Марина тихонько запела, покачивая ногой и щуря густо подведенные глаза. Потом оборвала пение и спросила:
– Сегодня посидим у Пашки? Он собрался стол устроить… Нашел новую работу на автостоянке.
– Не пойду.
– Это почему?
– Так… – Наташа пожала плечами и вылила мыльную воду из таза. – Мне не до гулянок… Спрятаться бы у себя в комнате до самой больницы, чтобы никого не видеть и не слышать…
– Напрасно, – вздохнула Марина. – Чем больше будешь убиваться, тем меньше толку… Что ты теперь – не человек? Пить можешь спокойно, все равно рожать не станешь… Этому ребенку все равно, он заранее мертвый.
– Замолчи!
– Почему? – Марина оскорбленно поджала губы. – Ты из себя недотрогу не строй. Я тоже аборт делала, только, в отличие от тебя, не на шестом месяце. А это пузо… Тьфу, смотреть не могу!
Наташа собрала отжатое белье в таз, подхватила его и молча вышла из кухни. Ее комната была в самом конце коридора, она торопливо вошла и заперлась изнутри, оставив ключ в замке. Бросила таз на пол и разрыдалась.
Плакала она долго, горько, и было ей как никогда больно и одиноко в этой грязной общаге, в комнатке с ободранными обоями, с немытым окном и старой мебелью.
Потом Наташа вытерла слезы полотенцем, развесила белье на веревке, протянутой через всю комнату, напилась холодной воды из чайника и задумалась. Она прожила в Москве уже четыре года, но несколько раз в год обязательно ездила домой, к маме в Рязань. Билеты были недорогие, ехать недалеко, и какие-то деньги у Наташи всегда находились – мать давала да еще присылала с оказией продукты… Да, она хорошо устроилась в Москве! Как повезло с комнатой – полагалось селиться по двое, но соседка Наташи сразу переехала к сестре, которая давно жила в Москве, и приходила раз в полгода – оставить вещи или забрать… Учеба давалась легко – институт был гуманитарного профиля, и требовалось одно – много читать и грамотно писать… Во всяком случае, Наташе хватало этого, чтобы получать пятерки на экзаменах. Мать гордилась ею, и даже отчим, казалось, стал добрее – ведь падчерица сгинула с его глаз. Мальчики? Нельзя сказать, чтобы Наташа ими совсем не интересовалась… Но все же до каких-то пор она не переходила определенных границ – страх был слишком силен. Еще на первом курсе случилась с нею коротенькая любовная история, о которой она вспоминала как о странном сне – зачем все это было и к чему? Парня она не любила, да и он не говорил о безумной любви – она просто уступила ему, потому что вдруг стало лень отказываться… Закончилось все очень скоро и без всяких последствий. После этого она совсем успокоилась и решила даже, что следующим ее мужчиной будет только муж… И вот накануне последнего Нового года…

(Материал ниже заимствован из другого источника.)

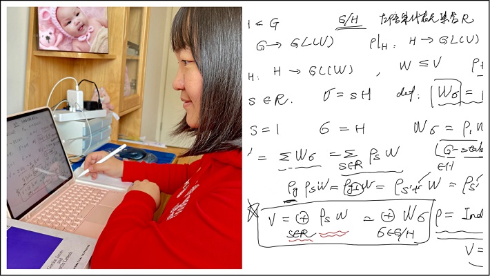 郭琼老师《有限群表示论》有着理论性强、公式推导多、逻辑思维严密等学科特点,为保证云端教学效果,将“黑板变白板”,在直播教学全过程融入问答环节,实时了解检验教学效果,课后给出复习建议和参考资料,方便学生巩固提高,找准学习兴趣点,引导学生热爱专业。
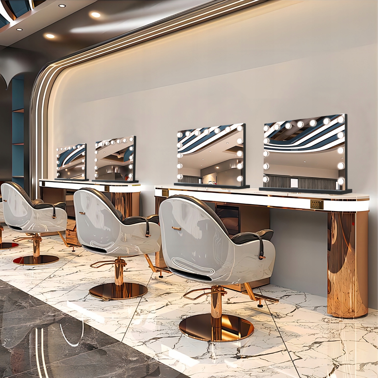 【Стандартные размеры и функции】: Поверхность зеркала составляет 58x45 см. Настоящее голливудское зеркало макияжа. USB 12 В/1 Порт зарядки на боковой раме зеркала позволяет легко заряжать телефон.
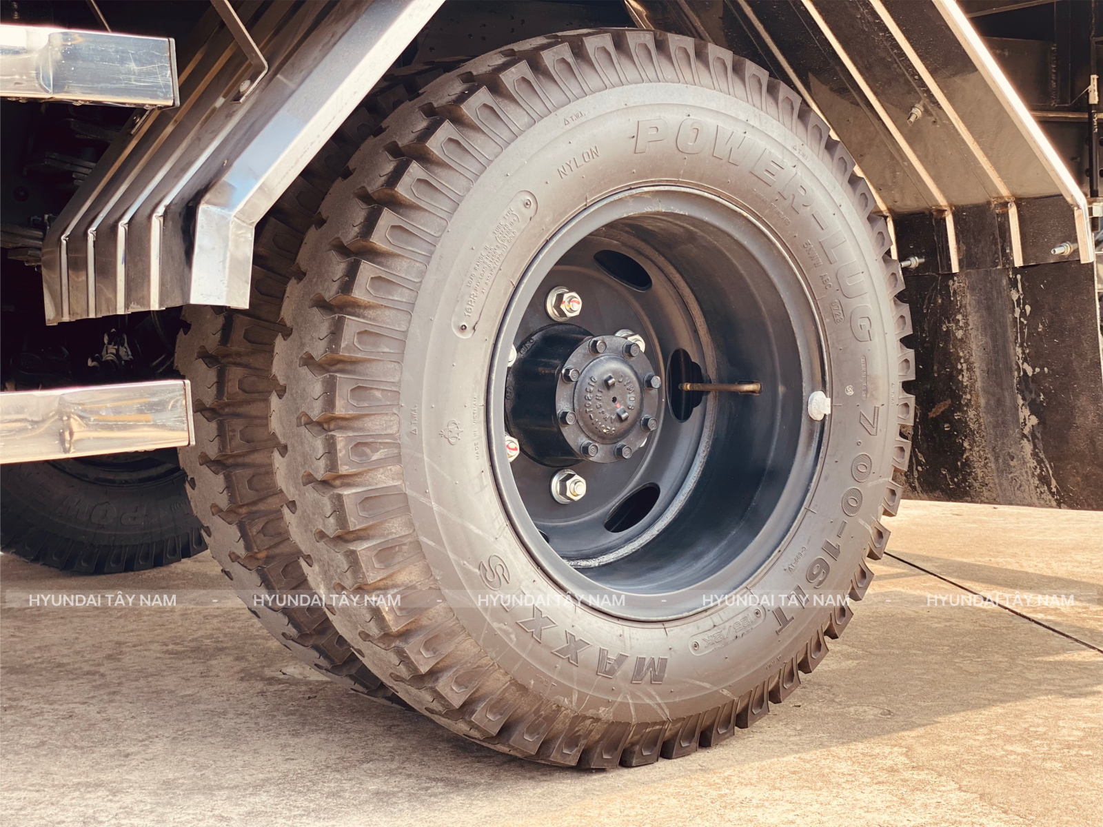 Ngoài ra xe trang bị lốp to 7.00-16 ở cả 2 cầu trước và cầu sau giúp xe linh hoạt, dễ dàng đi chuyển hơn trên những cung đường kho khăn, đèo dốc, mấp mô.

…Ариф тоже учился в этом институте. Правда, он уже закончил учебу и должен был уехать к себе на родину, в Сирию, но почему-то задержался в Москве. Наташа прекрасно знала его в лицо, знала имя, знала его жену – эта девчонка тоже жила в общаге. Правда, они не были подругами, что немного утешало Наташу, когда она начинала проклинать себя в очередной раз. Наташе казалось, что Ариф не обращает на нее никакого внимания, и это ее совсем не волновало. Только тогда, накануне Нового года, вспомнила об этом и удивилась – она не могла понять, откуда теперь взялся такой интерес к ней… Ариф пришел в общежитие в гости к каким-то своим прежним друзьям. Наташа стряпала на кухне, собиралась пойти отмечать Новый год в комнату к подруге, хотела сделать салат и небольшой пирог с яблоками… Ариф вошел на кухню с сигаретой в руке, вежливо поздравил ее с наступающим праздником, закурил у окна и молча стал рассматривать ее. Потом спросил со своим мягким акцентом, на каком курсе учится Наташа, давно ли живет в общежитии? Давно? Тогда почему они раньше не встречались? Встречались? Не может быть… Наташа вспоминала, что почему-то сразу начала с ним кокетничать, хотя вообще кокеткой не была.
– Да вы просто на меня не обращали внимания, – заметила она, быстро кромсая ножом вареную картошку. – Кстати, как жена поживает? Ее, по-моему, Леной звать?
Ариф ничуть не смутился.
– А, вы знали Лену? – весело спросил он. – Да, она теперь в Питере у своих родителей. Мы развелись.
– Что?! – воскликнула Наташа. – У вас ведь ребенок!
– Этот ребенок не от меня, – Ариф вдруг потемнел лицом. – Я не хочу обидеть русских женщин, Наташа, но Лена оказалась…
Наташа не знала, что сказать. Теперь Лена вспомнилась ей довольно отчетливо. У этой девушки была великолепная спортивная фигура, смуглая кожа, живые серые глаза, длинные рыжеватые волосы… Она была веселая, оживленно болтала на кухне, когда готовила обед для Арифа, стойко переносила беременность, всегда нарядно одевалась – муж дарил ей много дорогих вещей, баловал, судя по всему, очень любил…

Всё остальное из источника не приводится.